While I couldn’t find a peer-reviewed study on what happens when we lose the connection with names that shaped our earliest sense of self, sociolinguistic research has long established the role of nicknames in shaping our sense of identity.
A 2024 study published in MDPI, a Swiss open-access science journal, examined street children in south-western Nigeria and found that “nicknaming (themselves and peers) served as a deliberate strategy for identity framing and resilience, helping children construct a sense of self under oppressive circumstances.”
Another 2024 report, this one from Harvard Business Review, explored workplace nicknames and found their effects were asymmetrical. When employees nickname their supervisors, referred to as upward nicknaming, the subordinates tend to feel more psychologically safe and respected. But in downward nicknaming, where supervisors nickname a subordinate without their consent, the employee’s well-being suffers.
In Jhumpa Lahiri’s The Namesake, Nikhil Ganguli spends years rejecting his pet name, Gogol, in favour of his “good name”. But after his father’s death, he begins to understand the weight that name carries, how it was tied to his father’s survival. In the end, the name Gogol is no longer a burden for him, it becomes a bridge to his father’s memory.

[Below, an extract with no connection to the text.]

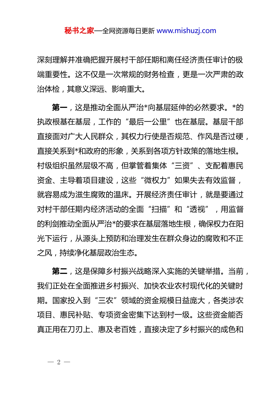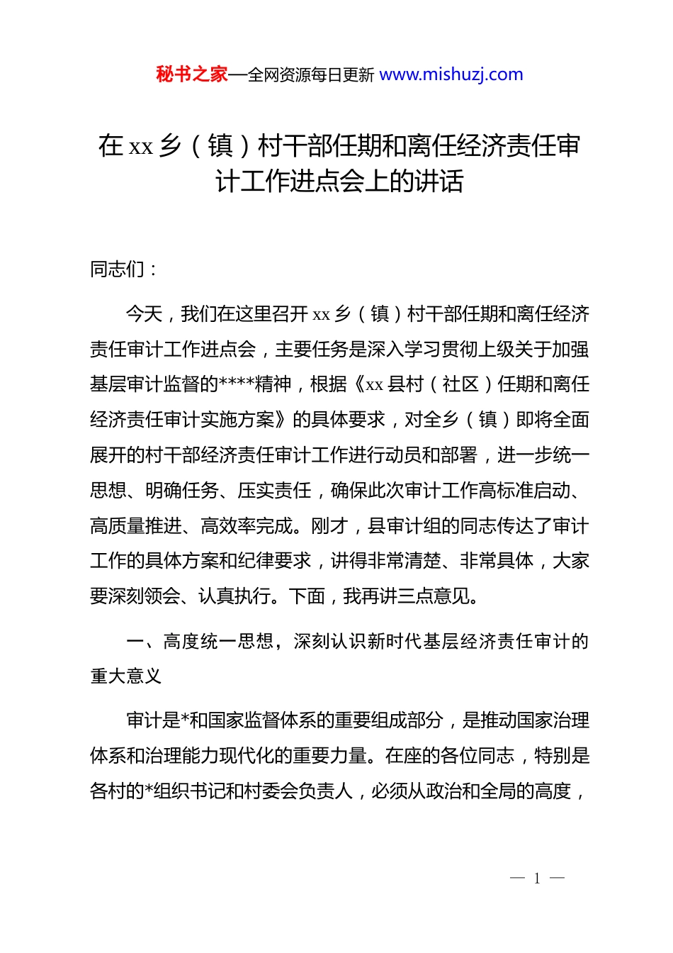 秘书之家—全网资源每日更新 www.mishuzj.com在 xx 乡(镇)村干部任期和离任经济责任审计工作进点会上的讲话同志们:今天,我们在这里召开 xx 乡(镇)村干部任期和离任经济责任审计工作进点会,主要任务是深入学习贯彻上级关于加强基层审计监督的****精神,根据《xx 县村(社区)任期和离任经济责任审计实施方案》的具体要求,对全乡(镇)即将全面展开的村干部经济责任审计工作进行动员和部署,进一步统一思想、明确任务、压实责任,确保此次审计工作高标准启动、高质量推进、高效率完成。刚才,县审计组的同志传达了审计工作的具体方案和纪律要求,讲得非常清楚、非常具体,大家要深刻领会、认真执行。下面,我再讲三点意见。一、高度统一思想,深刻认识新时代基层经济责任审计的重大意义审计是*和国家监督体系的重要组成部分,是推动国家治理体系和治理能力现代化的重要力量。在座的各位同志,特别是各村的*组织书记和村委会负责人,必须从政治和全局的高度,— 1 —秘书之家—全网资源每日更新 www.mishuzj.com深刻理解并准确把握开展村干部任期和离任经济责任审计的极端重要性。这不仅是一次常规的财务检查,更是一次严肃的政治体检,其意义深远、影响重大。第一,这是推动全面从严治*向基层延伸的必然要求。*的执政根基在基层,工作的“最后一公里”也在基层。基层干部直接面对广大人民群众,其权力行使是否规范、作风是否过硬,直接关系到*和政府的形象,关系到各项方针政策的落地生根。村级组织虽然层级不高,但掌管着集体“三资”、支配着惠民资金、主导着项目建设,这些“微权力”如果失去有效监督,就容易成为滋生腐败的温床。开展经济责任审计,就是要通过对村干部任期内经济活动的全面“扫描”和“透视”,用监督的利剑推动全面从严治*的要求在基层落地生根,确保权力在阳光下运行,从源头上预防和治理发生在群众身边的腐败和不正之风,持续净化基层政治生态。第二,这是保障乡村振兴战略深入实施的关键举措。当前,我们正处在全面推进乡村振兴、加快农业农村现代化的关键时期。国家投入到“三农”领域的资金规模日益庞大,各类涉农项目、惠民补贴、专项资金密集下达到村一级。这些资金能否真正用在刀刃上、惠及老百姓,直接决定了乡村振兴的成色和— 2 —秘书之家—全网资源每日更新 www.mishuzj.com质量。经济责任审计,就是要对这些“高压线”资金的管理使用情况进行重点监督,审查是否存在截留、挪用、贪占、虚报冒领等问题确保每一分钱都花得明明白白、清清楚楚。通过审计,可以有效堵塞管理漏洞,规范项目流程,提高资金使用效益为乡村产业发展、人居环境整治、基础设施建设等重点任务的顺利推进提供坚实的纪律和财务保障。第三,这是关心爱护与严格管理基层干部的具体体现。“严管就是厚爱,监督就是保护”。开展任期和离任经济责任审计,一方面,是对干部履职情况的一次全面检验,能够客观、公正地评价其工作实绩和廉洁自律情况,为组织的考核、评价、任用提供重要依据。对于那些勤勉尽责、廉洁奉公的干部,审计结果就是最好的“成绩单”和“清白证”。另一方面,审计也是一剂“预防针”和“清醒剂”。通过审计及时发现苗头性、倾向性问题,抓早抓小、防微杜渐,帮助干部及时纠正偏差、改进工作,避免小问题演变成大错误,这本身就是对干部最大的关心和爱护。大家要正确看待审计,把审计监督当作一次难得的“健康体检”,主动接受监督,坦诚面对问题。二、聚焦核心任务,精准把握本次经济责任审计的关键环节— 3 —秘书之家—全网资源每日更新 www.mishuzj.com本次审计工作时间紧、任务重、要求高、涉及面广。审计组要严格按照《xx 县村(社区)任期和离任经济责任审计实施方案》的要求,各村要全力配合,确保审计工作不跑偏、不走样,真正审深、审透、审出实效。根据方案精神和工作实际,此次审计要重点把握好以下三个方面。第一,紧盯“责任”二字,审查履职尽责的实际成效。经济责任审计,核心是“责任”。不能简单地将审计等同于查账,而是要透过账本看责任、看担当、看作为。要重点关注各村在任期内经济社会发展目标的完成情况。比如...

When fewer people call us by our childhood names, do we lose a portal to our younger selves? Psychology often talks about staying connected to the “inner child”, the self that existed before we learned how to perform. Isn’t our childhood nickname, in some ways, the voice code to activate that version of ourselves?childhood
So, when I hesitate over how to address myself in a letter, I’m grappling with more than a salutation. I’m asking who I believe I am when I speak to myself. Am I Gogol or Nikhil? And somewhere in that confusion sits a quiet fear: have I lost a part of my identity that only my childhood nickname knew how to call into being?